• Exercise prompt
Only the lines from the start of the data through the line containing "Preferences > Prifiles" should be written out, exactly as they are, with both ends included and the pictures left out.

(Stored items)
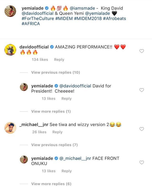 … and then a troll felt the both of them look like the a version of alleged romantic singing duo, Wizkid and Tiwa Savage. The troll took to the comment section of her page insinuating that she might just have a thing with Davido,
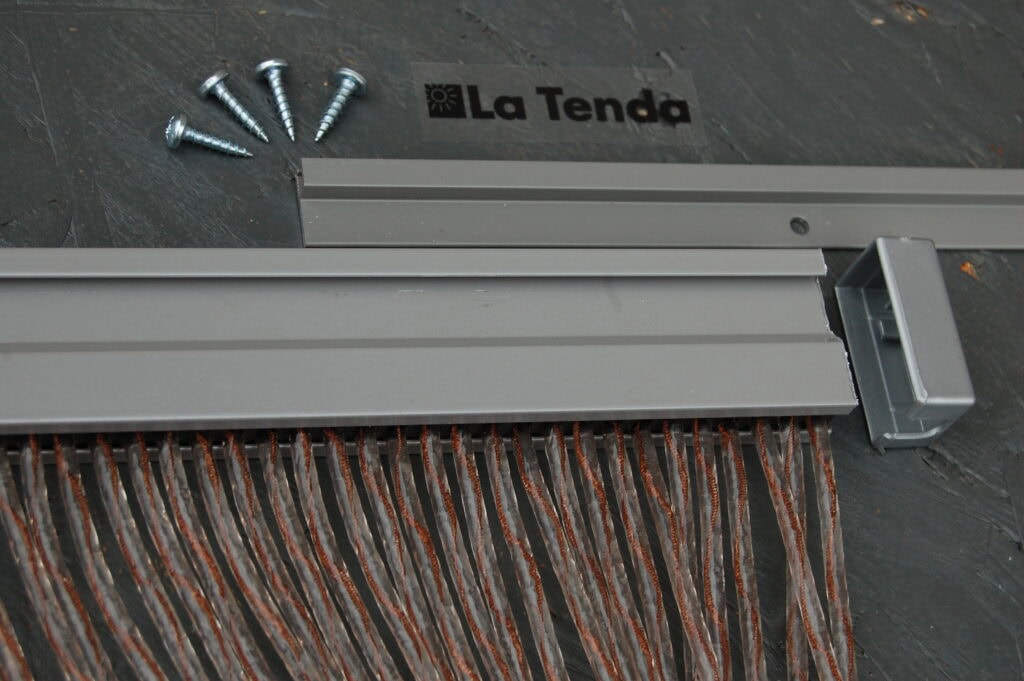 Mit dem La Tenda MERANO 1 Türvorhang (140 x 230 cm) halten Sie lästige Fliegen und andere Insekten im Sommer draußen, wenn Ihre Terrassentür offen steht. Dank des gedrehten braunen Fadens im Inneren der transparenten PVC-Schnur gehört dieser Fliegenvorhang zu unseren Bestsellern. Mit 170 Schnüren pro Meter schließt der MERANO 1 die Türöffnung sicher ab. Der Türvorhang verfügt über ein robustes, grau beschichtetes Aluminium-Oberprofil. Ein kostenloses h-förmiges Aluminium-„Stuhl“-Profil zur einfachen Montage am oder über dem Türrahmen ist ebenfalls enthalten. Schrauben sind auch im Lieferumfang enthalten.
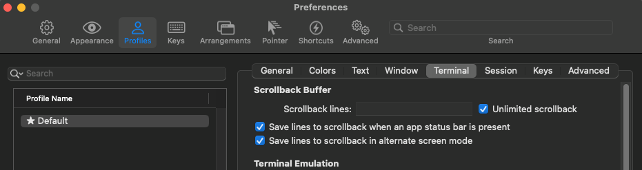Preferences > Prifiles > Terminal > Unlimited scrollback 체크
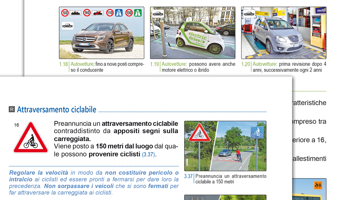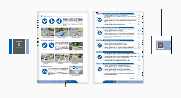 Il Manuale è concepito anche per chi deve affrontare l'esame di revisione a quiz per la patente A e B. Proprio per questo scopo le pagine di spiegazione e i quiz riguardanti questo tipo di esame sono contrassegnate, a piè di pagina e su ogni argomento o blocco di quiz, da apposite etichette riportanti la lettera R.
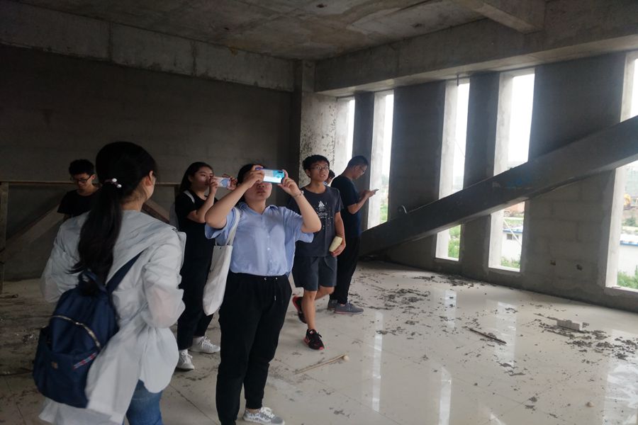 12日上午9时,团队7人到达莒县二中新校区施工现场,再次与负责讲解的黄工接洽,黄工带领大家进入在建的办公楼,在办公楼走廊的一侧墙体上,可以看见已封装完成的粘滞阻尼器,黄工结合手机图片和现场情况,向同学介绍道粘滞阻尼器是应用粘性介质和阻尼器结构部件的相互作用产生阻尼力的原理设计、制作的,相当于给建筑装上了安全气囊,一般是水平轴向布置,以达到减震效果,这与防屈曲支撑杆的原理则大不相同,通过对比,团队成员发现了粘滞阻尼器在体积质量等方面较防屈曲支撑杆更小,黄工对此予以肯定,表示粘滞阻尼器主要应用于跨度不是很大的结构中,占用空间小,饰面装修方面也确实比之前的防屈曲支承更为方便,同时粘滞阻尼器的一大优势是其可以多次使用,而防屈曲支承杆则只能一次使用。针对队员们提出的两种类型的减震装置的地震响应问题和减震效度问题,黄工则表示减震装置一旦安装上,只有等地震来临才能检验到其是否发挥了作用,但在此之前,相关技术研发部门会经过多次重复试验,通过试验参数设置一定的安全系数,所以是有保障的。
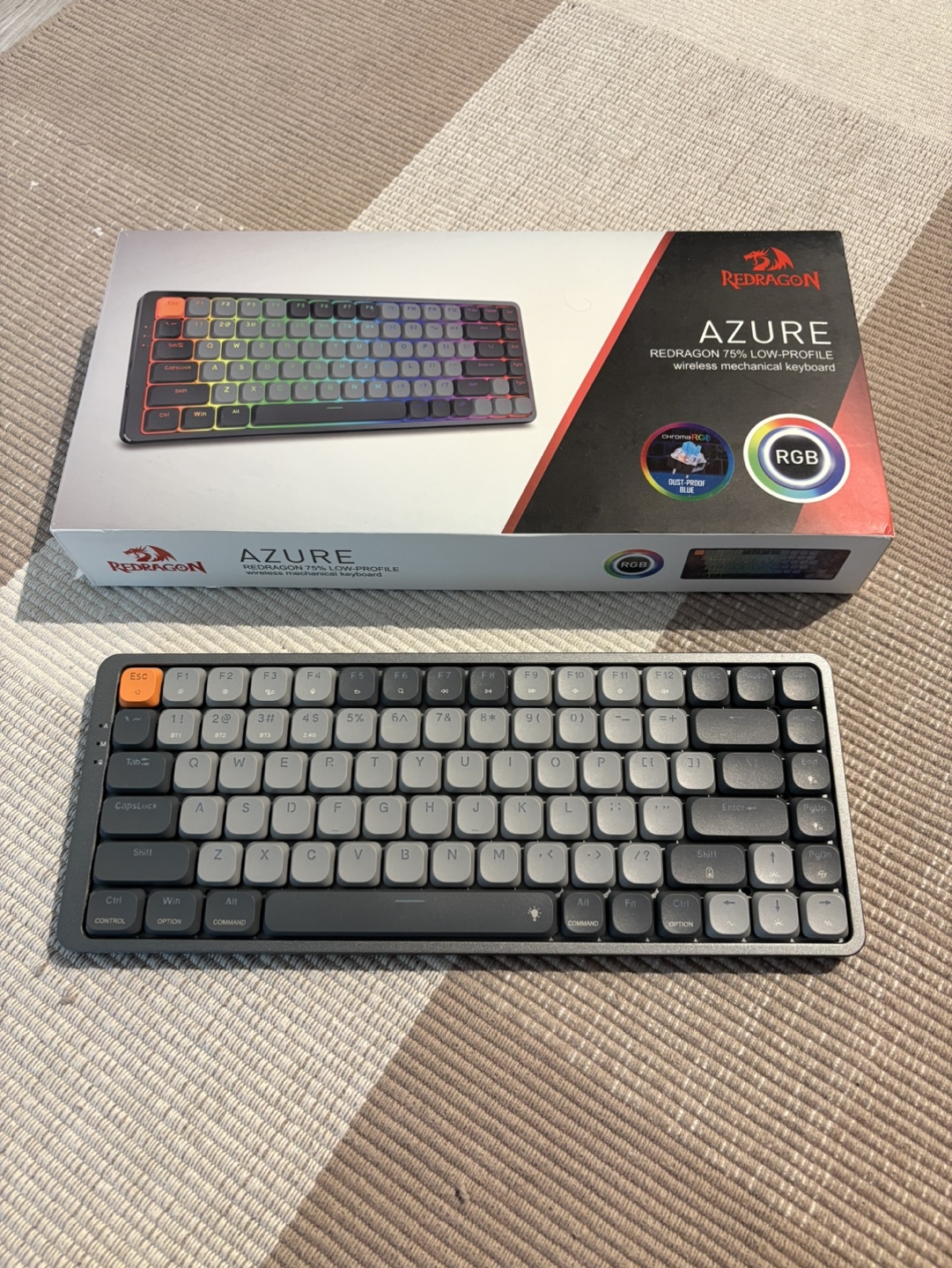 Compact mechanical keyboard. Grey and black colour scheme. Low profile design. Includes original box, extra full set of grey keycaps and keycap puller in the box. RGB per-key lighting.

• Written response
 … and then a troll felt the both of them look like the a version of alleged romantic singing duo, Wizkid and Tiwa Savage. The troll took to the comment section of her page insinuating that she might just have a thing with Davido,
 Mit dem La Tenda MERANO 1 Türvorhang (140 x 230 cm) halten Sie lästige Fliegen und andere Insekten im Sommer draußen, wenn Ihre Terrassentür offen steht. Dank des gedrehten braunen Fadens im Inneren der transparenten PVC-Schnur gehört dieser Fliegenvorhang zu unseren Bestsellern. Mit 170 Schnüren pro Meter schließt der MERANO 1 die Türöffnung sicher ab. Der Türvorhang verfügt über ein robustes, grau beschichtetes Aluminium-Oberprofil. Ein kostenloses h-förmiges Aluminium-„Stuhl“-Profil zur einfachen Montage am oder über dem Türrahmen ist ebenfalls enthalten. Schrauben sind auch im Lieferumfang enthalten.
Preferences > Prifiles > Terminal > Unlimited scrollback 체크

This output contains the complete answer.